The so-called perfin, standing for perforated initials or perforated insignia, is in fact a security marking used by companies and government departments to deter unauthorised use of their stamps. They were originally known as spifs for stamps perforated with initials of firms (Alderfer 1999). Stamps were legal tender and could be misused by greedy employees to buy goods like bread, cheese and ale (Alderfer 1999).
Compared with true dot-matrix print, perfin letters have fewer dots and a more primeval character, as the latter's holes do not conform to a grid. They imbue the coconut definitive with a touch of elegance and add another dimension to its typographic diversity. And as symbols of diverse companies, they embody the globalism and cosmopolitanism of Malaya. Yet in their heyday, perfins were regarded by philatelists as mutilations that made stamps worthless (Dewey 1971).
Malaya is not particularly speciose in perfins. There were about 110 official and private perfins, including different versions from the same company, counting the entries in Turnbull (2022). In contrast, private perfins alone numbered 2700 in Australia (Mathews 2002) and 25,000 in Britain (according to philatelist Peter Simpfendorfer).

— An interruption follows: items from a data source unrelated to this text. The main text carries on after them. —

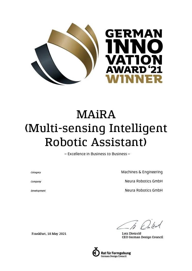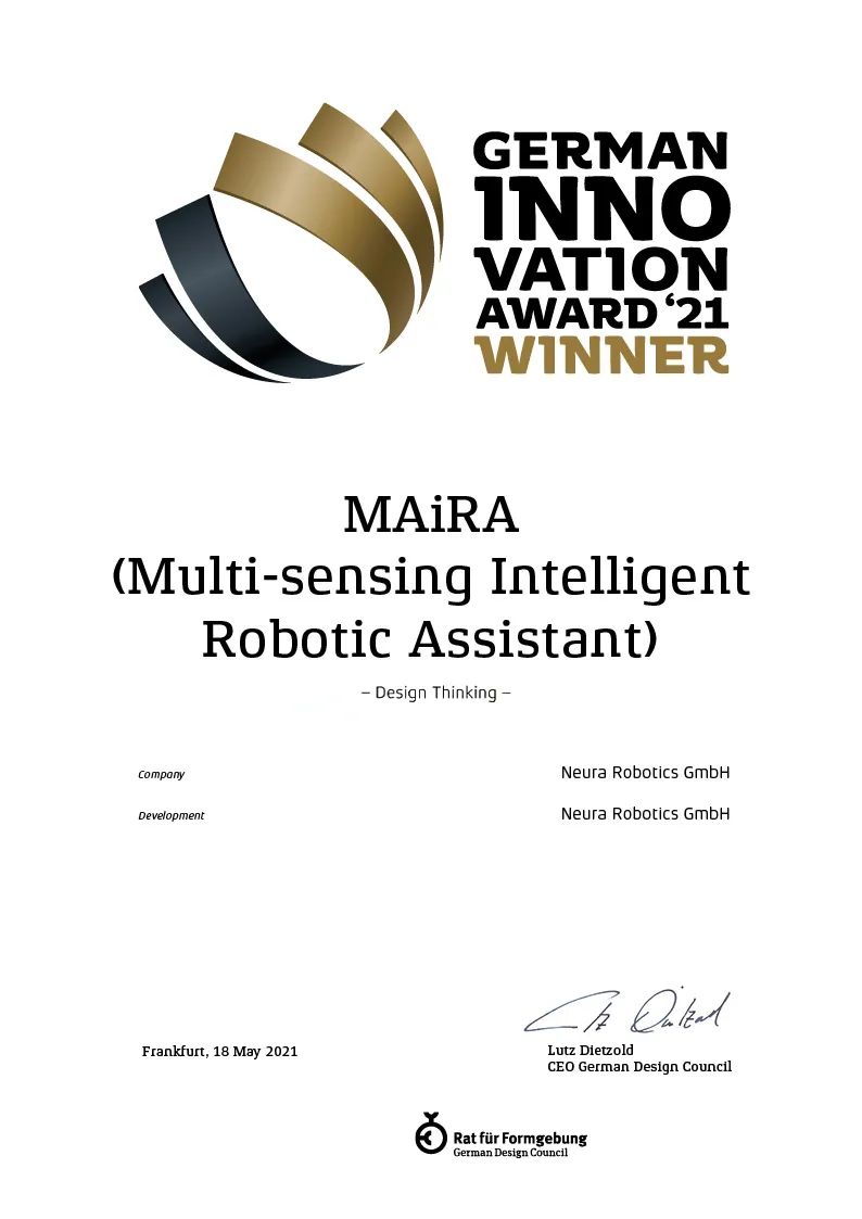 近日,2021德国创新奖获奖名单公布,大族机器人多感知智能机器人助手MAiRA包揽“设计思维奖”、“企业对企业卓越创新奖”两项大奖。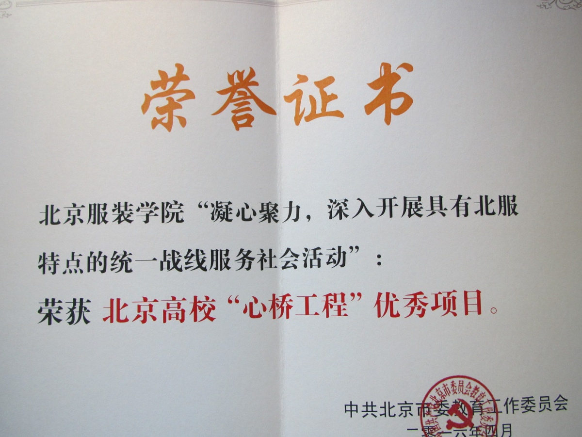 多年來,學校黨委高度重視發揮黨外知識分子在服務社會工作中的作用,在“心橋工程”主題實踐活動中,結合北服特點,圍繞發展,凝心聚力,積極開展統一戰線服務社會活動。我校黨外高級知識分子人數多、在業內影響大,是學校改革發展穩定的一支主要力量,校黨委積極引導他們充分發揮自身的專業優勢,參與服務社會工作,活動中涌現出一批以賀陽老師為代表的黨外知識分子,他們為學校發揮服務社會功能,為首都文化創意產業發展,特別是“時尚之都”建設奉獻著自己的力量。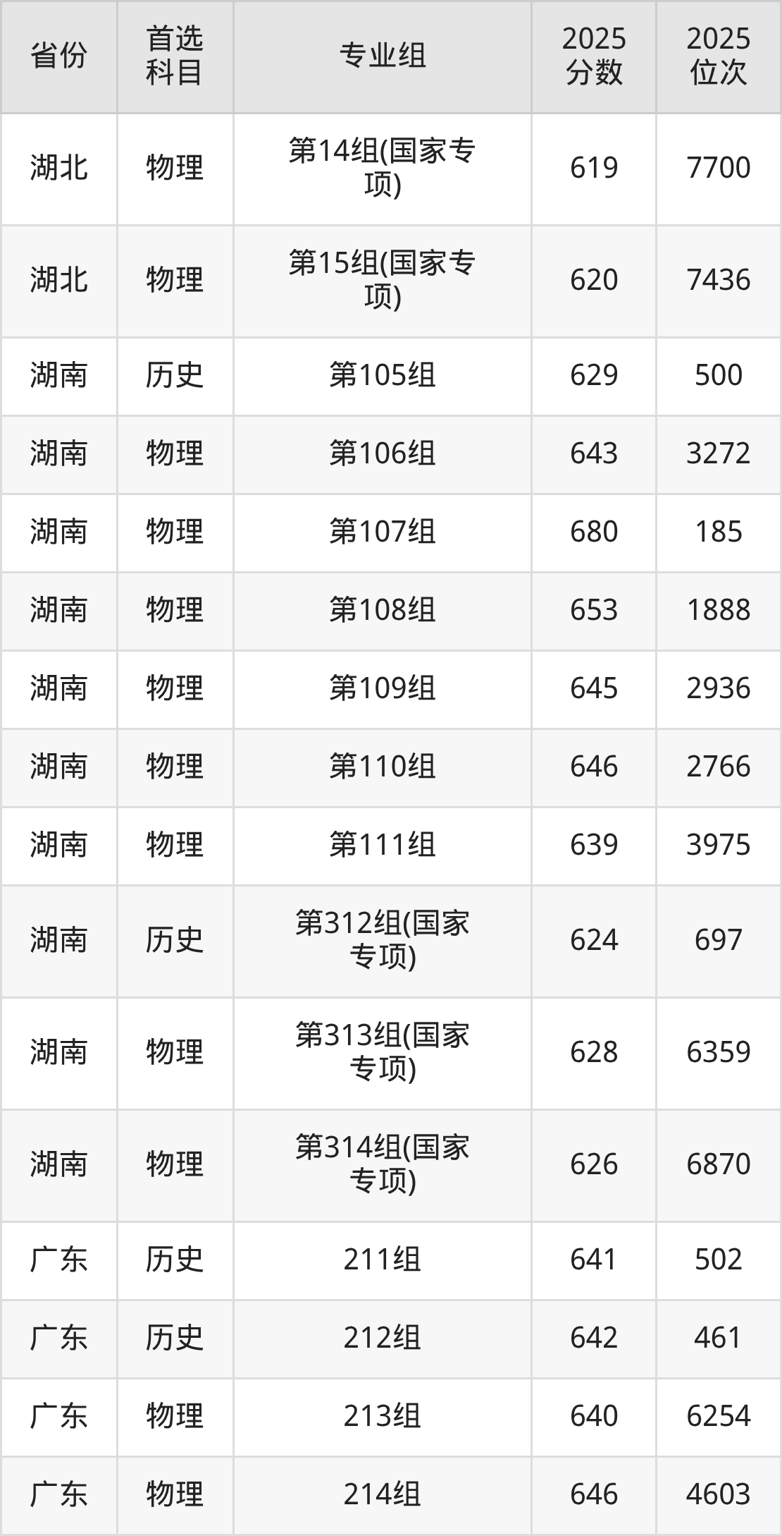 因为大部分地区目前只公布了院校(专业组)分数线,为了方便2026年考生参考,本文就整理出武汉大学在全国各省不同科类的最低分: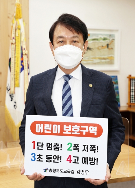 [한국Q뉴스] 김병우 충청북도교육감이 ‘어린이 교통안전 릴레이 챌린지’에 동참했다.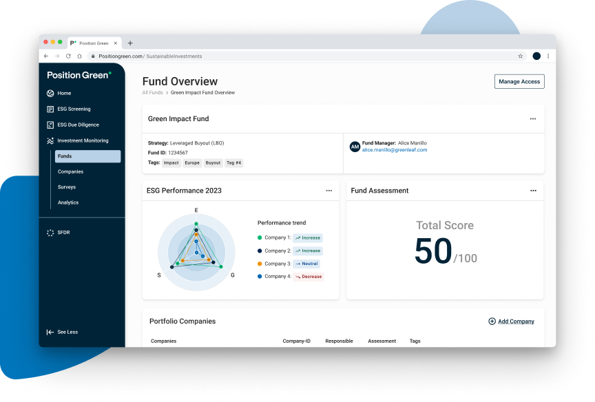 Position Green’s full-cycle investment software supports GPs and LPs during the entire investment cycle with complete transparency – from initial screening and ESG due diligence to portfolio management and exit readiness.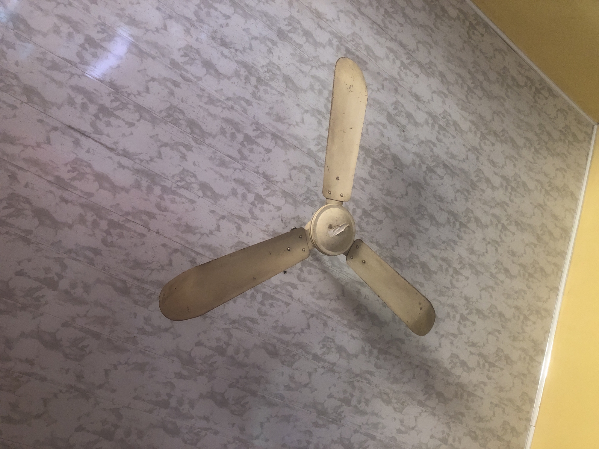 The scene, located in Rido, Nigeria, depicts an overhead view of a three-bladed ceiling fan installed against a patterned ceiling. The fan's three blades and central housing are light beige/tan, showing visible dirt accumulation and dark spots. The fan is stationary. The ceiling consists of light grey panels with a darker grey, mottled, irregular pattern, and faint diagonal lines suggest panel seams. A section of a yellow wall, separated from the ceiling by a white trim, is visible along the bottom edge of the frame. No individuals or specific actions are observed.

Samuel type d21 perforator (1940) of De La Rue (Cockburn 2010), which was individually applied to stamps (Freeland 2010). The word specimen marks a stamp provided to postmasters and postal administrations as a reference sample, and invalidates them against postal use. Perfins have a drawback here: the numerous holes may coincide with important design or print details. On the left is a philatelic conformer with nicely centered strikes of both the perfin and the multiple script ca watermark, while on the right is its rebellious cousin.
The conventional way of displaying perfins is to show the back of the stamp over a dark background, but the stamp's design cannot be seen in relation to the perfin. In the imaging technique developed by the author, however, uniform illumination from under the stamp "spotlights" the perfin amidst a darkened but visible stamp design.


Boustead & Co., an asset management and corporate finance company established in Singapore in 1828 that has grown from strength to strength with the country to this day. It was also the most prolific user of perfins (Peter Cockburn comm.). Left, a die used by the Singapore office (Turnbull 2022); right, a larger, scruffier die used by the Penang office (Turnbull 2022). A perfinned stamp is viewed less favourably on the market if the perfin cuts into the sides, but the author sees beauty in the human touch of perfin production.

The Stoomvaart Maatschappij Nederland (Netherlands Steamship Company) had a motto with the same initials: Semper Mare Navigandum (“Always Sail the Seas"). It later merged into Nedlloyd, which in turn became part of the world's largest container shipping line, Maersk Line. The perfin's holes are too large for the font size, making the strokes indistinct and distorting some of the letters.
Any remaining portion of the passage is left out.